Application of Silica-Supported Alkylating Reagents in a One-Pot, Sequential Protocol to Diverse Benzoxathiazepine 1,1-Dioxides

Applications of silica-ROMP reagents in a one-pot, sequential protocol have been developed for the synthesis of a variety of diverse benzoxathiazepine 1,1-dioxides. This protocol includes sulfonylation, intramolecular SNAr, alkylation with silica-supported oligomeric benzyl (Si-OBPn) and triazole (Si-OTPn) phosphates, and intermolecular SNAr addition with a number of secondary amines in one-pot to afford a variety of unique benzoxathiazepine 1,1-dioxides sultams in good to excellent yields.
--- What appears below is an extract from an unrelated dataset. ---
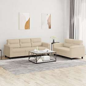 vidaXL Soffgrupp 2 delar gräddvit tyg 3201900

Development and Application of a Recyclable High-Load Magnetic Co/C Hybrid ROMP-Derived Benzenesulfonyl Chloride Reagent and Utility of Corresponding Analogues

The development and application of high-load, recyclable magnetic Co/C hybrid ROMP-derived benzenesulfonyl chloride and analogues is reported. The regeneration and utility of these reagents in the methylation/alkylation of various carboxylic acids is demonstrated via efficient retrieval of the magnetic reagent with a neodymium magnet. Additional reactions employing the analogue sulfonic acid and in situ generated magnetic benzenesulfonyl azide are also reported.

Synthesis of High-Load, Hybrid Silica-Immobilized Heterocyclic Benzyl Phosphate (Si–OHBP) and Triazolyl Phosphate (Si–OHTP) Alkylating Reagents

The development of new ROMP-derived silica-immobilized heterocyclic phosphate reagents and their application in purification-free protocols is reported. Grafting of norbornenyl norbornenyl-functionalized (Nb-tagged) silica particles with functionalized Nb-tagged heterocyclic phosphate monomers efficiently yield high-load, hybrid silica-immobilized oligomeric heterobenzyl phosphates (Si–OHBP) and heterotriazolyl phosphates (Si–OHTP) as efficient alkylation agents. Applications of these reagents for the diversification of N-, O-, and S-nucleophilic species, for efficient heterobenzylation and hetero(triazolyl)methylation have been validated.

Synthesis of a Library of 1,5,2-Dithiazepine 1,1-Dioxides. Part 2: Routes to Bicyclic Sultams.

The synthesis of a library of bicyclic sultams incorporating the 1,5,2-dithiazepine 1,1-dioxide moiety is reported. Following scaffold synthesis via a one-pot sulfonylation/intramolecular thia-Michael protocol, several additional cyclization strategies have been realized enabling access to new bicyclic sultams.

Synthesis of a Library of 1,5,2-Dithiazepine 1,1-Dioxides. Part 1: A One-Pot Sulfonylation/Thia-Michael Protocol

A novel one-pot sulfonylation/intramolecular thia-Michael protocol is reported for the synthesis of 1,5,2-dithiazepine 1,1-dioxides. Sulfonylation between cysteine ethyl ester/cysteamine and 2-chloroethanesulfonyl chloride, followed by in situ intramolecular thia-Michael addition, was achieved and afforded the titled 1,5,2-dithiazepine-1,1-dioxide scaffolds. Diversification was demonstrated for future library synthesis.

6.12 Inorganic Acid Derivatives

Phosphates are ubiquitous in nature and represent a significantly broad field of study within the scientific community given their vital role in biology, biochemistry, pharmaceutical sciences, and synthetic organic chemistry. This chapter will highlight phosphorylation methods through P(V) and P(III) reagents, with an emphasis on recently developed methods. These methods include the diastereoselective synthesis of phosphoramidates, the catalytic condensation of phosphoric acid with alcohols, the Mitsunobu reaction of phosphates as nucleophiles, pyrophosphate formation, enol phosphate generation and their application in metal-catalyzed cross-coupling reactions, thiophosphate and boranophosphate formation, phosphorus–Brook rearrangements, phosphoramidite chemistry and their application in complex molecule synthesis, and H -phosphonates in phosphate synthesis. Catalytic and asymmetric phosphorylation, phosphorothiolate and phosphorothioate oligonucleotide synthesis, phosphate installation in natural product synthesis, and current advances in phosphate protecting groups will also be discussed.